Assessment of residents’ physical examination skills often involves the use of standardized patients lacking physical abnormalities. Simulation technology offers the potential benefit of mimicking physical abnormalities. The current study was undertaken to examine the relationship between physicians’ competence in cardiac physical examination as assessed using simulation technology compared to real patients. 
 An OSCE was created using 3 modalities of cardiac patients: real patients (RP) with cardiac abnormalities, standardized patients (SP) combined with a computer-based audio-video simulation of auscultatory abnormalities and a cardiopulmonary patient simulator (CPS). The same four cardiac diagnoses were tested with each modality.
 Participants were 28 internists, within 3 years of passing the Royal College of Physicians and Surgeons of Canada’s (RCPSC) Comprehensive Examination in Internal Medicine.

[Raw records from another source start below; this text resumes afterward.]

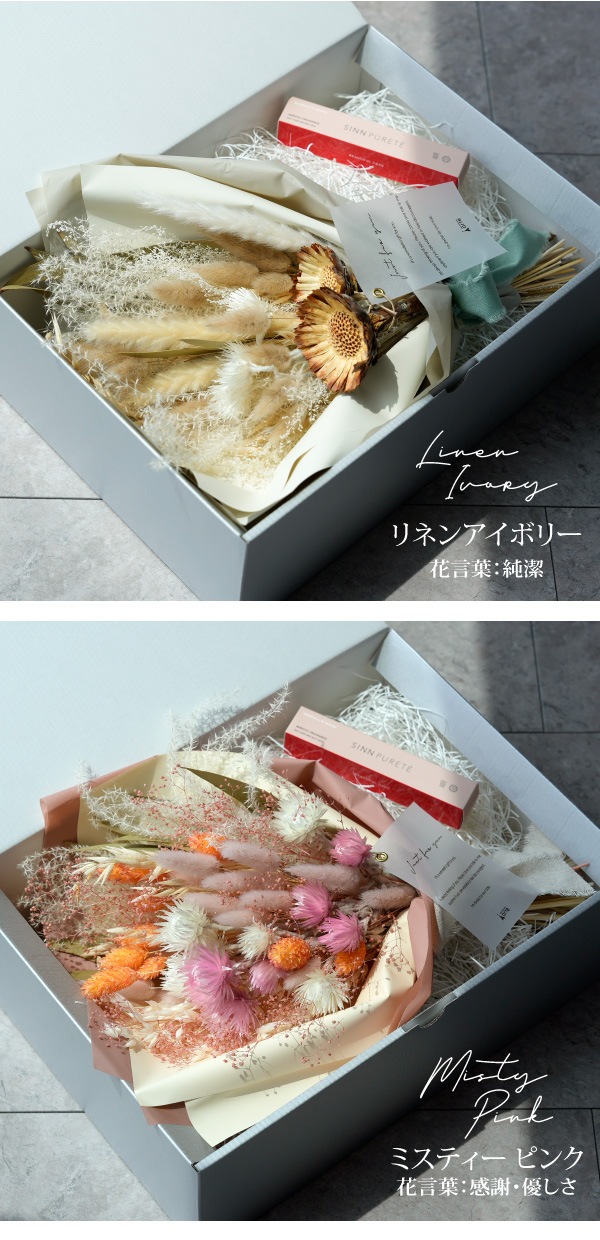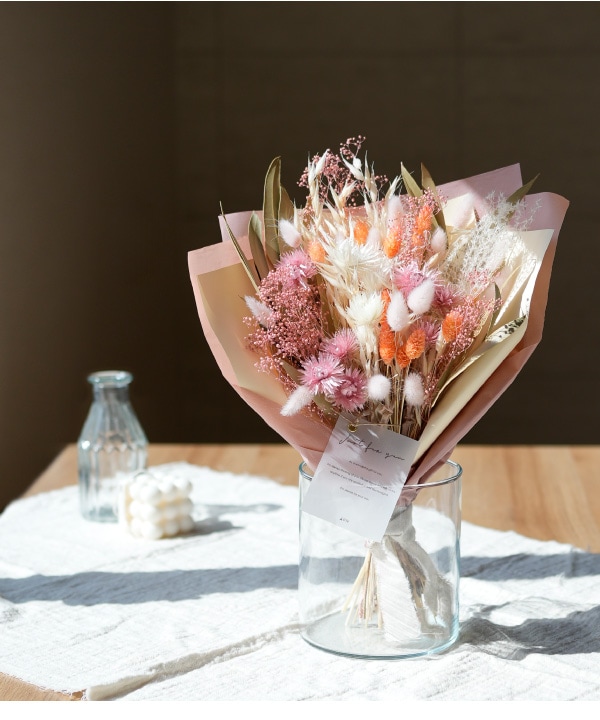 ドライフラワーの自然な風合いと、プリザーブドフラワーの鮮やかな色合いを長く楽しめます。
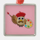 Niedlich Painter Owl Cartoon Ornament Aus Metall
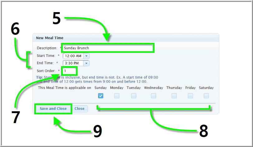 *NOTE: Any transaction that is not closed within a specific meal time will not appear on Meal Time Summary reports. For this reason, you may choose to extend the beginnings and ends of meal times to cover all daily hours. (See the Breakfast, Lunch, and Dinner examples above.)
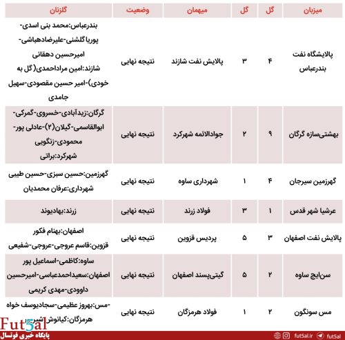 نتایج کامل دیدارهای امروز و جدول بازیها به شرح زیر است:
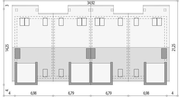 Graficzne opracowanie rzutów poglądowych widocznych na karcie projektu zostało wykonane przez Extradom.pl. Prezentowane przez Extradom.pl wizualizacje wykonane zostały przez autora projektu i należy poczytywać je jedynie za przykład i propozycję wykończenia, wizję architektoniczną autora projektu. Ostateczne wykończenie budynku może nastąpić na wiele sposobów. Szczegółowe rozwiązania zastosowane w oferowanej dokumentacji - w tym również ilość, lokalizacje i wygląd okien, drzwi, kominów - mogą w niewielkim stopniu różnić się od prezentowanej wizualizacji budynku.
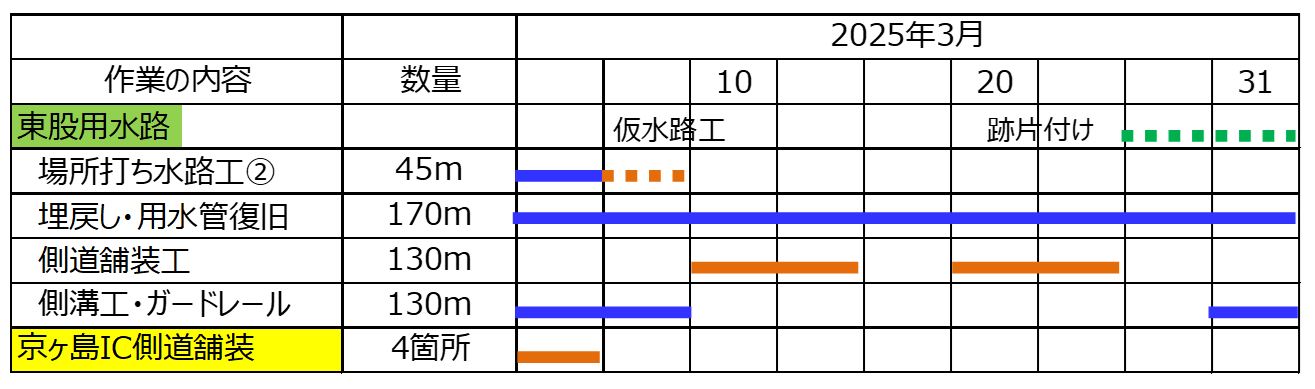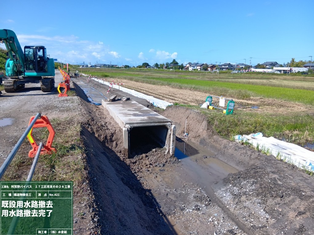 ①9/3~9/13埋戻し用の土砂を大型車で運搬予定です。土砂運搬終わり次第、旧用水路の撤去をおこないます。
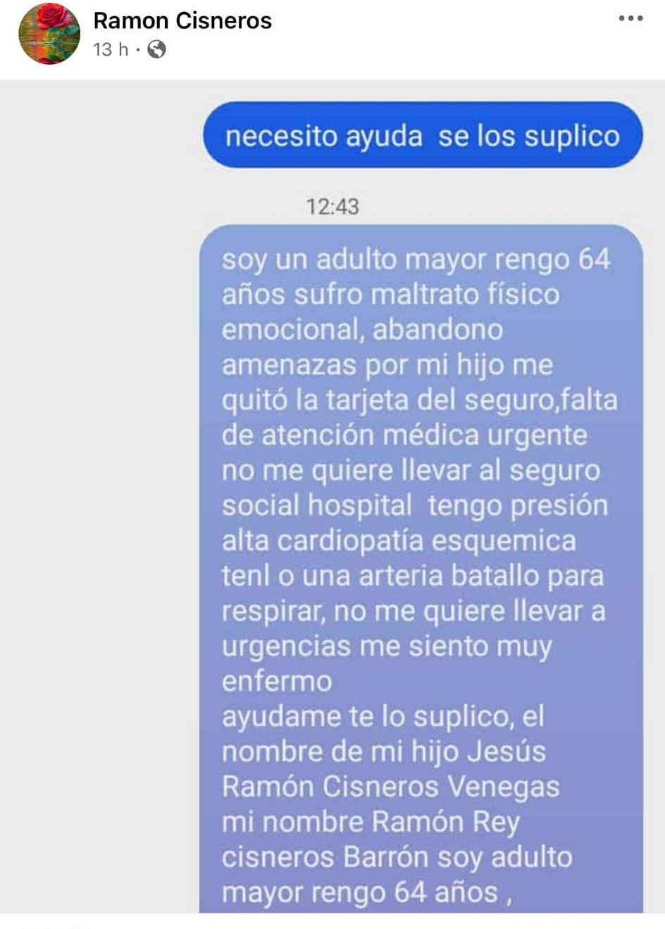 Trascendió que esa misma noche, Ramón Cisneros envió un mensaje a la página de Ambulancias Orduña solicitando auxilio, donde relataba que sufría maltrato físico y emocional, además de ser una persona con discapacidad. En dicho mensaje, señaló directamente a su hijo, Jesús Ramón Cisneros, a quien acusó de maltratarlo, de quitarle su tarjeta del seguro y de negarse a llevarlo a recibir atención médica, pese a su delicado estado de salud.
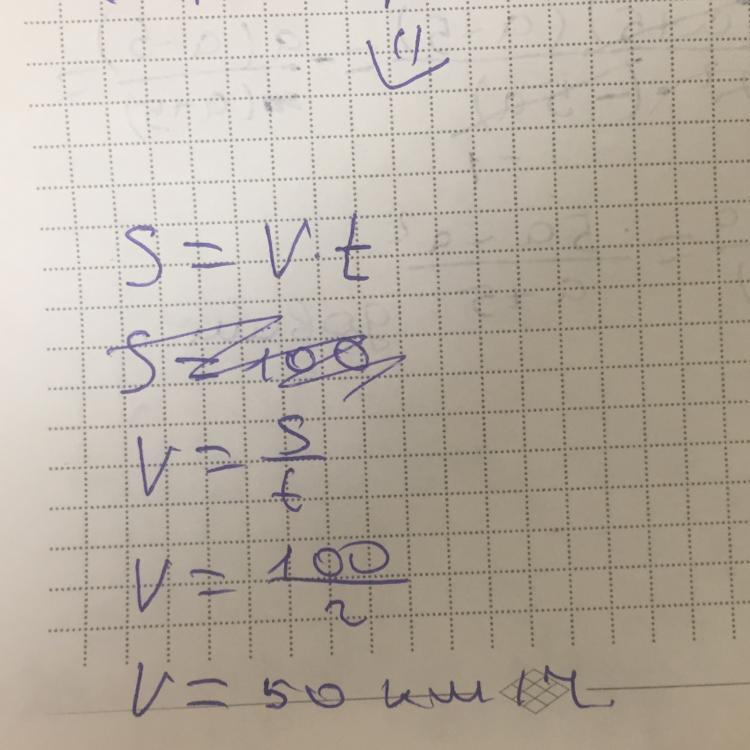Туристу нужно пройти путь, равный 100км, 2 часа. С какой скоростью ему необходимо идти?

At each station, two RCPSC examiners independently rated a participant’s physical examination technique and provided a global rating of clinical competence. The accuracy of a participant’s cardiac diagnosis for each patient was scored separately by two investigators.
 The inter-rater reliability between examiners, for the global rating outcome, was 0.76 for RP stations, 0.78 for SP stations and 0.75 for CPS stations. The correlations between participants’ global ratings on each modality were: RP vs. SP, r=0.19; RP vs. CPS, r=0.22; SP vs. CPS, r=0.57 (p < 0.01).
 A number of methodological limitations were highlighted during the study, including difficulties in truly matching patients within and between modalities, differential weighting of components into the examiners’ global ratings based on modality and limitations of case specificity. No modality provided a clear “gold standard” to assess residents’ cardiac physical examination competence. In the context of assessment, until these limitations are addressed, simulation modalities may not be directly interchangeable with real patients.